To understand French colonial rule in Indochina and tennis's place on the peninsula, it is useful to draw a comparison to France's eternal enemy, England. In 1925 five thousand british officials governed 300 million indians, but it took the same number of French to manage an Indochinese population 1/10th its size. The British employed native systems, and did not covert their subjects' distinct identities. Vietnam's independence struggle was unique, but it was also part of a greater movement in the post-war years. As the once mighty colonial powers retreated under the umbrellas of the superpowers, the foreign sports of these nations' previous imperial oppressors would enjoy very different levels of popularity in the newly independent states. The legacy of India's native governance, as opposed to French assimilation efforts, can bee seen in the continuities of India's adoption of its colonial oppressor's a bicameral Westminster-style legislature, as opposed to Vietnam's absolute rejection of all things French in its violent brand of Eastern liberation communism. Due to an ancient identity forged by attempted invasions and France's inflexible particular breed of colonialism, a rejection of colonial rule required those who sought self governance also totally reject French culture, law, language and sadly, tennis included.

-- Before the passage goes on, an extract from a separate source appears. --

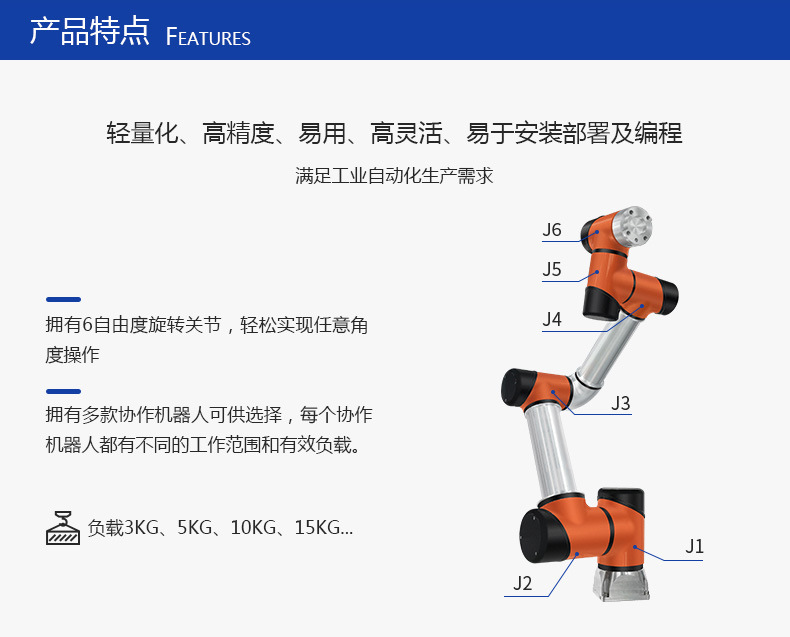 深圳泰科智能TB6系列协作机器人是泰科智能自主研发的6轴轻型协作机器人,具有拖动示教、安全防碰撞等功能,可以直接与人协同工作。采用自主设计研发RJSII系列关节模组,既轻便灵活、运行平滑柔顺,同时满足负荷的需求。防护等级高,可适用于更多苛刻的工作环境,既有强大的通用性、 协作性与开放性,广泛应用于物流装配、流水线生产、上下料、AGV、3C电子、科研、医疗、军工、航空航天等行业领域。安装简单(安装方式任意角度)及用途多样化,提升产品品质和生产效率,并更好的节约人工成本。

Is it any wonder that English has become the worlds franca lingua and Britain's former colonial possessions, have separated British culture and British rule enough to recognize the value of its precepts and remain crazy about cricket? Just think of the West-African and Quebecois tennis supper stars that could have emerged if the French has merely adapted their colonial doctrine. The tennis world is undoubtedly poorer for it, but at least potential players have a choice, something whether they know it or not, was born on a tennis court. So, as the United States finds itself in Iraq and Afghanistan, let us take heed from the French and the cricket crazy commonwealth and build baseball diamonds, but let the occupied pick their own teams and make certain that the hotdogs are 'Halal.